Friday, June 27, 2014

Culture news: Naming the behavior - The rationalization of sodomy

Matthew Franck has written a review of Robert R. Reilly's book Making  Gay Okay: How Rationalizing Homosexual Behavior Is Changing Everything.  He notes the Reilly focuses on the behavior of sodomy and the manner in which this behavior runs counter to the procreative character of sex.  He writes:

Reilly’s insistence on the centrality of the act of sodomy to our culture war over marriage and sexuality is bound to be off-putting even to some readers inclined to his overall view. He has multiple chapter titles beginning “Sodomy and . . . ,” and he refers throughout the book to “sodomitical relationships.” But this blunt and fearless way of arguing only illustrates the Nietzschean “transvaluation of values” our society has undergone. It is now widely considered a violation of the norms of decency in civil discourse to remind people publicly of what were only a generation ago the norms of decency in private behavior as well as public life.

Reilly is right, however, to be tough and unyielding on this point. His touchstone is nature, and his argument is that nature has equipped men and women to enter into one-flesh unions that are both unitive and procreative (here he might have usefully referred to a book powerfully supporting his view, What Is Marriage?). We human beings have a nature both sexual and rational, and our flourishing and happiness cannot be achieved except in accord with our nature.

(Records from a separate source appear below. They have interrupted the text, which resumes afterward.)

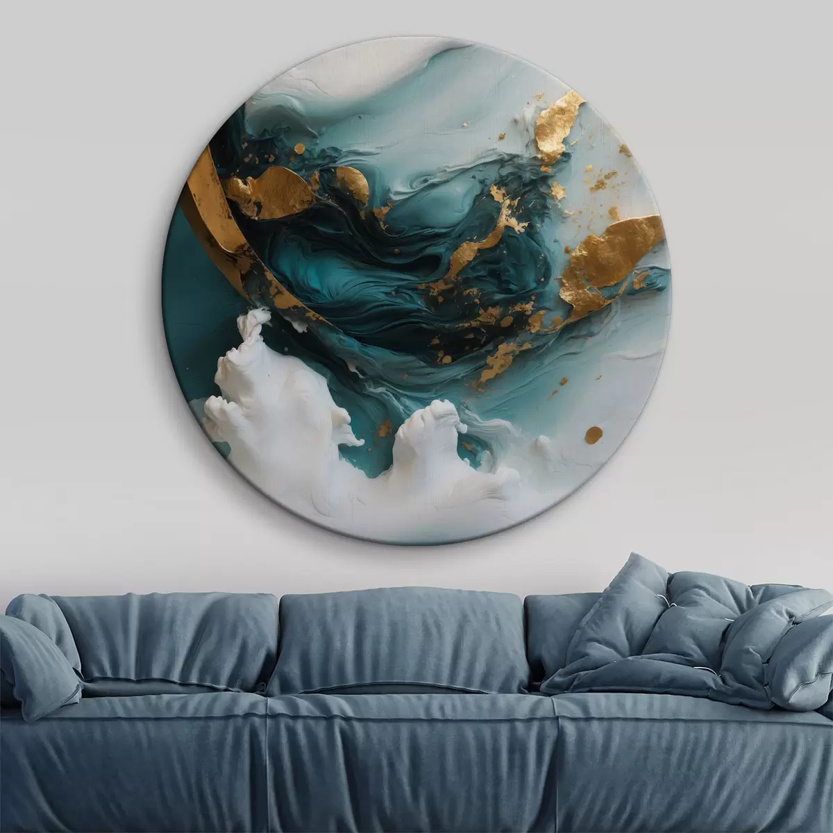 Quadri rotondi Astrazione con colori blu e bianchi r39154
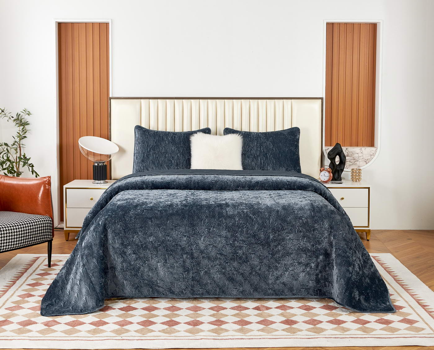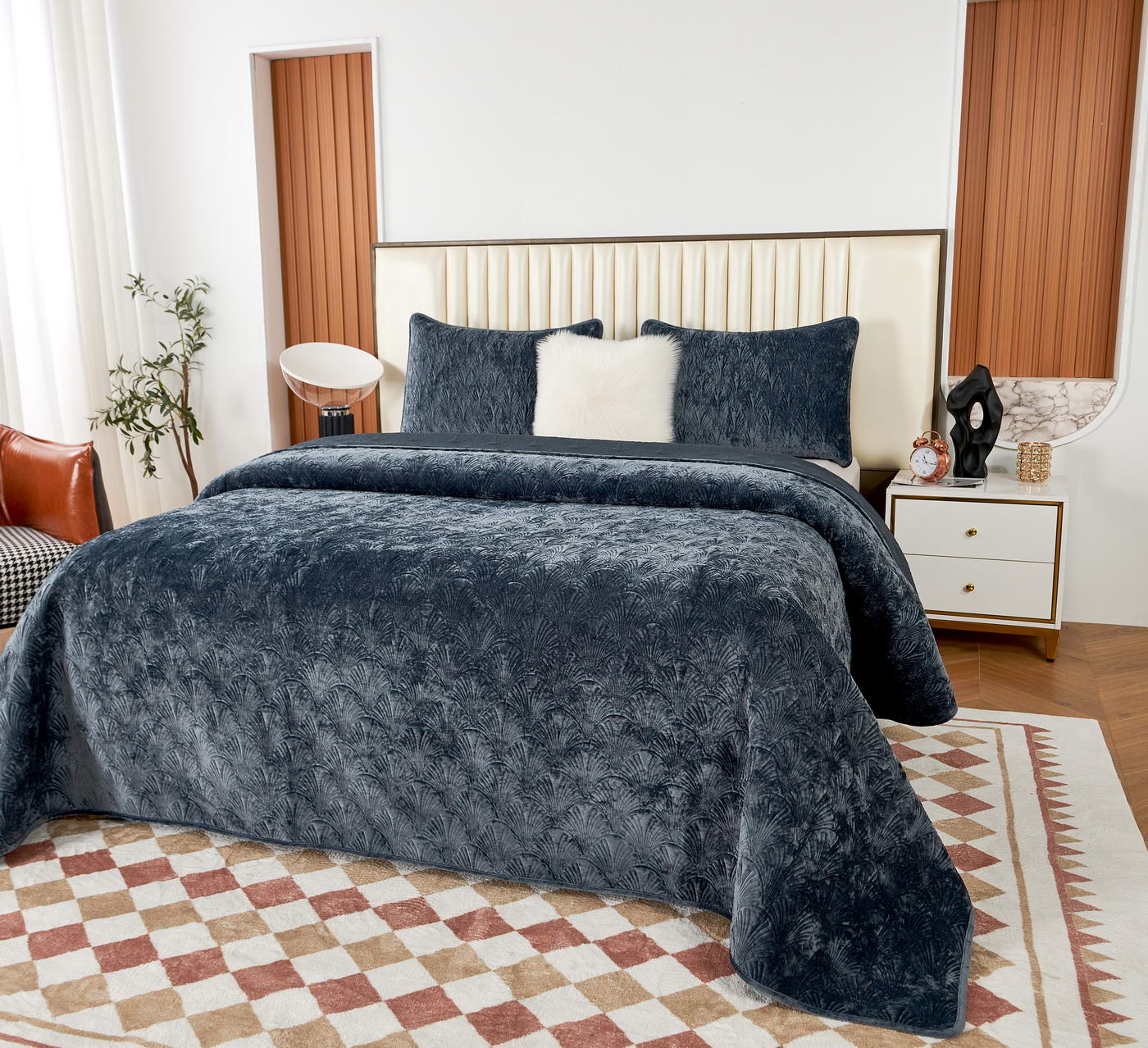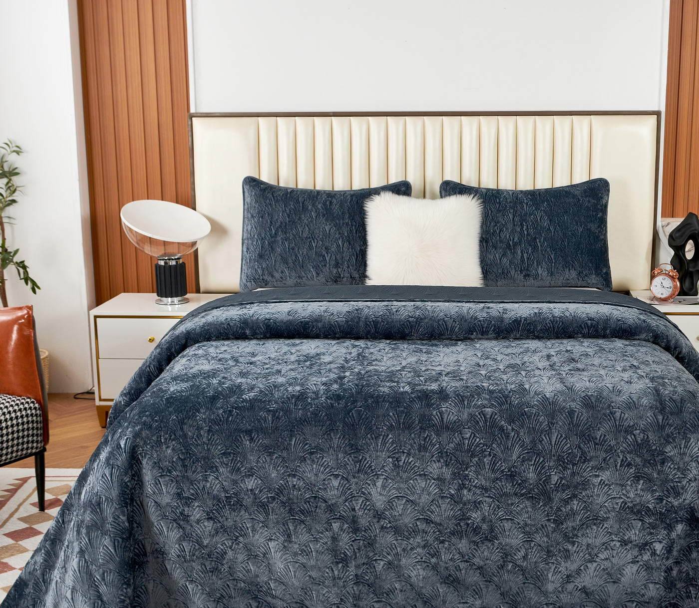 ПокрывалоКомплектация:Покрывало: 240х260Наволочки: 50х70 (2шт)Ткань: бархатОсобенность: термостежка Состав: 100% ВискозаУпаковка: текстильная сумкаУход. Стирка 30'
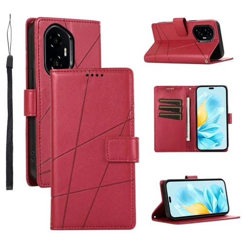 Funda para Teléfono Honor 300 Pro/300 Ultra Cuero Genuino PU Líneas en Relieve (Rojo)

What distinguishes some persons from others where “sexuality” is concerned is not a different nature, as though “heterosexual” and “homosexual” were distinct human types or “identities,” but different desires, propensities, and, finally, behaviors. The choice to engage in particular sexual behavior is a matter of free will about which moral judgments can be made. Reilly relentlessly stresses the question of behavior, asking whether we are willing to consider sexual behavior, like other behaviors, as properly governed by the ends of human nature and human flourishing. Thus also his insistence on naming the behavior that one side in the “sexuality” wars wants approval for, and that the other side would rather not think about or talk about.